No tengo el software para abrir el archivo que está en el RAR

saludos
a sus ordenes


----------



## carocaro88

Aca lo amplie un poquito mas pero no del todo.. sale un poco cortado..


----------



## MrCarlos

Hola carocaro88

Realmente no entiendo que quieres hacer; según entendí al principio tu querías UN CONTADOR DE 000 al 999 y que dentro de este RANGO lo pudieras programar que iniciara y finalizara según Tú quisieras.

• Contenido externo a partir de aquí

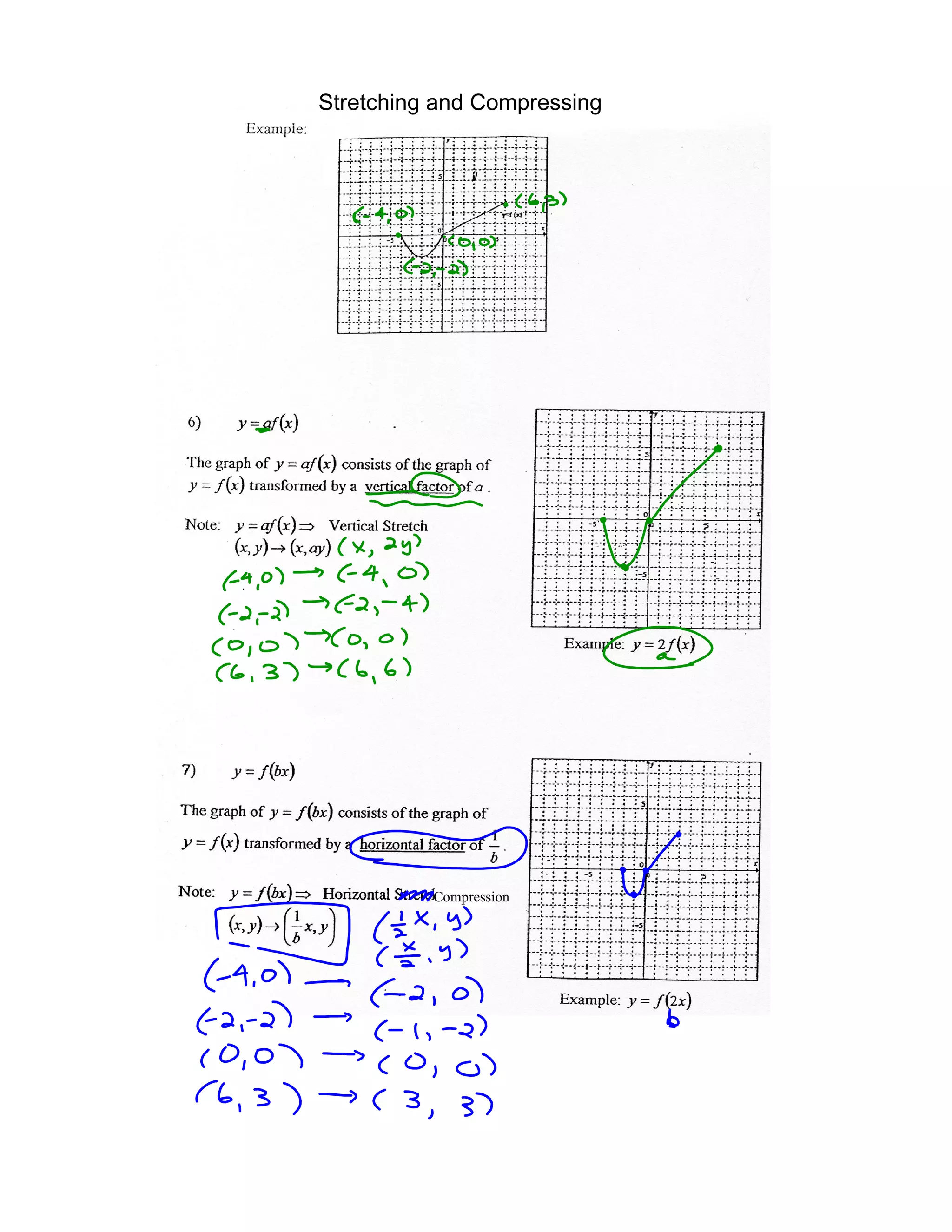 This document discusses stretching and compressing functions both horizontally and vertically. It provides examples of compressing functions vertically by factors like 1/3 and horizontally by factors like 1/2 or -2 which compresses the graph left or right respectively. Functions can be stretched or compressed by applying factors to the input or output values.

Sí es así ?

Pero dime, Para qué quieres los contadores U10, U4, U1, Identificados así en tu ultimo diagrama ?
Y... Los comparadores de magnitud (74LS85) para que son ?.

Lo único que pretendíamos hacer es un contador PROGRAMABLE, no es así ?

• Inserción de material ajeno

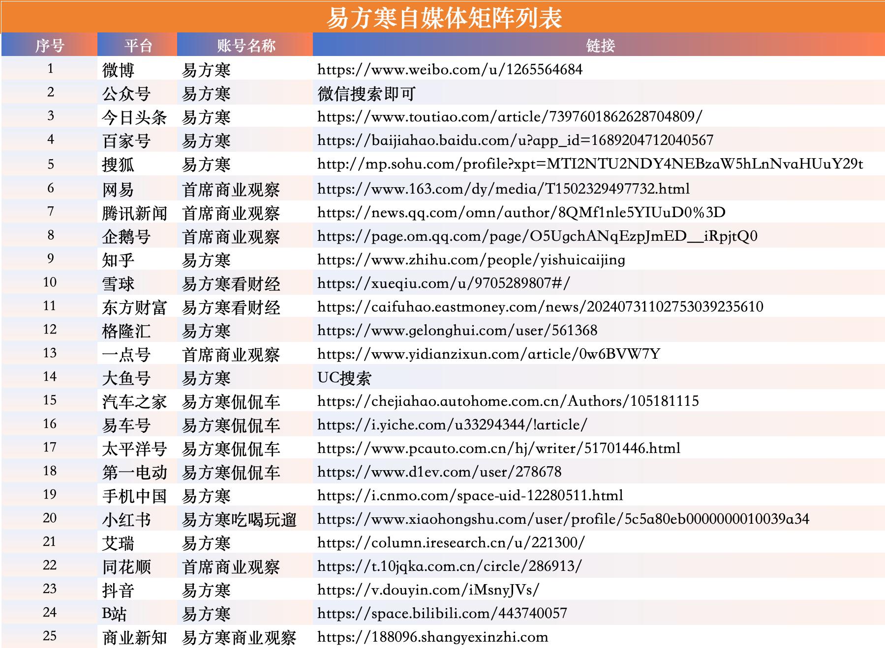 大家好,我是易方寒!致力科技互联网与新能源汽车观察解读。网易、新浪、搜狐、百度百家、今日头条号、钛媒体、雷锋网、汽车之家、易车等平台专栏作者。(联系我可在后台留言,或WX:YiFH2023)

Espero me aclares estas dudas para poder continuar.

saludos
a sus ordenes


----------



## carocaro88

Ok.. 

claro yo quiero un contador del 000 al 999 que tenga modulo variable, que cambie de inicio y fin cuando yo quiera, pero que los numeros esten en ese rango, lo que pasa es que esa es una idea que tuve y queria mostrarla.. el que me distes yo lo monte pero que se quedaba fijo en la cuenta y solo tomaba en cuenta los numeros de los swicth que estaban en la salida de los contadores.. 

Saludos...


----------



## MrCarlos

Hola carocaro88

adjunto un DOC que espero te ayude con tu abjetivo.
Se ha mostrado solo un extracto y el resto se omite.